I’m not talking about the Duke game — grrrr — but about the Marlboro College performance of Angels in America. The cast and crew, drawn from a very small college population (Marlboro has around 350 students total), outdid themselves last night — an overpowering performance, of which everyone involved should be very proud.

I had not seen the play before; when it came out, we didn’t have practical access to any performances, and by the time it hit video or DVD I didn’t feel like stirring up the memories of those days (on the rare occasion when the family was willing to watch a Serious Movie); watching this performance really did bring back a suppressed tub of queasy, ominous, tragic feelings. I had the recurrent sense that I knew those guys, and seeing Si as one of them — he played Louis, a particularly troubling character — amplified the sense that these lives were part of my life.

All the actors were great. In contexts that might tend to invite overplaying (undergrad theatre, small campus, hyperdramatic scenario involving sometimes-histrionic characters), every player rang true. The student who played Si’s lover carried the role exceptionally well, and student who played Harper Pitt just amazed me with the subtly of her reading. Si’s roommate Simon played Joe Pitt utterly convincingly, suggesting his pain and ambivalence with nuanced departures from a baseline of stolid impassiveness.

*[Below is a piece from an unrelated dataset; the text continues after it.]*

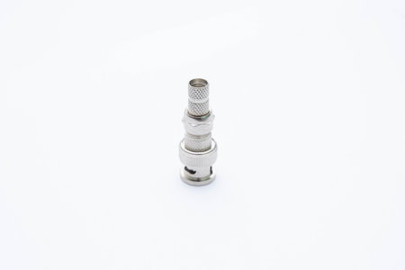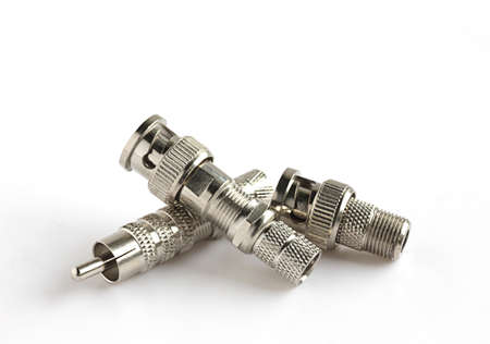 Group of BNC connectors used for coaxial cable. Objects isolated on white background

It was hard to see Si play the part of yet another tormented unsympathetic character; someday I’d like to see him in a positive, blithe, heroic role. Knowing him as we do, when we see him portray someone high-strung, and embittered, it’s harder not to see his performance as acting. That being said, at the key moments of the play, I winced at his betrayal of love and integrity. He was great in an unrewarding role, with a terrific cast around him, and the whole night was utterly captivating.

Now, we have to clean up, pack, check out, have brunch with Si, Laura, Jeanne, and Pippa, and then travel back to our respective destinations. And Duke better win the ACC Tournament — I’m just saying.

Quickly —

Travel worked fine yesterday, the ’net finally came live at our hotel, we like Jennifer’s boyfriend (they drove up from NYC to see last night’s performance, which was evidently excellent). Margaret and I love New England; the topography, ecology, demographics, cultural practices, all make sense to us as indigenous, as culturally given. Jeanne and Pippa have driven in from Maine, and we’ll meet them on campus for the play. I’ve taken some pictures already, will take more tonight, and some at tomorrow morning’s group brunch (didn’t think to take any while we were with Jennifer).

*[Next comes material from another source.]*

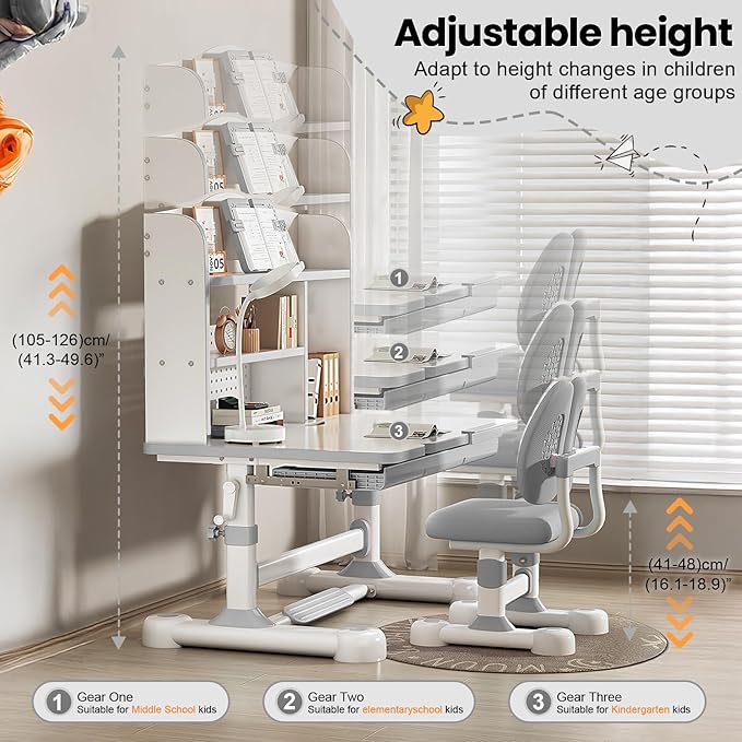 - Adjustable Height: Adjustable height desk and chair set grows with your child, featuring 21cm hand-cranked desk lift and 7cm chair adjustment for optimal ergonomics from ages 3-12

Show is tonight at 7:30, opposite the basketball game on whose outcome the struggle of good against evil depends — Si couldn’t persuade Marlboro to reschedule the performance till after Duke had put Carolina away (I hate writing that kind of thing, because it just invites providence to contradict what I’ve written — but this is just the way it has to be, I guess). I’ll boast write about both the play and the game when I find out how they end.

[Later: I shoulda known better; well done, Carolina.]

Convergence

From all over the country — or at least, “from Maine, North Carolina, Illinois, and Minnesota,” which is pretty good coverage — people are converging on Marlboro, Vermont, to see Josiah Adam in tomorrow night’s performance of Angels in America.

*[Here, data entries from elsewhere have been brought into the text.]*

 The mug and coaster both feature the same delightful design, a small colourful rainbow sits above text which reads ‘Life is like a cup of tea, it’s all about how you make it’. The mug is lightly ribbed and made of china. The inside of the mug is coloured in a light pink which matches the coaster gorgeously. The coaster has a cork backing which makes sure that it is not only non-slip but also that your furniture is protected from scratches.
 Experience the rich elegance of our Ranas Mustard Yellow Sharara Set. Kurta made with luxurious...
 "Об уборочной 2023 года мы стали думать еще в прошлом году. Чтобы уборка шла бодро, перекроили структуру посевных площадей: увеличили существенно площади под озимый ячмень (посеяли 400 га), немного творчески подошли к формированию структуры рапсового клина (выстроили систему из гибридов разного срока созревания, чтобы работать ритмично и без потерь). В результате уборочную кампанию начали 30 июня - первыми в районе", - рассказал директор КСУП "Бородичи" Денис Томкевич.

Margaret has shrewdly plotted our trravel paths through Bradley Airport and a hotel in Brattleboro, both of which offer free wifi. Still, the odds suggest a diminished online presence over the weekend. Eventaully, there’ll be pictures and stories.

[Later: Arrived safely, if ravenously. It seems as though Bradley is trying single-handedly to punish United for its recent brush with bankruptcy, but with the diligence of the truly hard-core, I found an open wireless signal.]

Ash Wednesday

Ash Wednesday is not usually a festival of mirth and hilarity, but our service today was a little more solemn even than the usual, as we prayed for Dr. de Villa. Our guest preacher, Fr. Douglas Brown of the Order of the Holy Cross, gave a sermon that fit both the day and our additional observance. We remembered, reflected, prayed, and committed ourselves to a holy Lent.

For myself, the convergence of these circumstances suggested that I make my Lenten discipline a determination to spend time every day in an earnest memento mori; I suspect that some of the burdens I work with would benefit from my sizing them up in perspective to my own mortality: the things that I ought to make sure to have done, and the things no one will mind if I leave behind, obligations to my family and friends, and indifferent matters that no one cares about that much. We’ll see how that works out.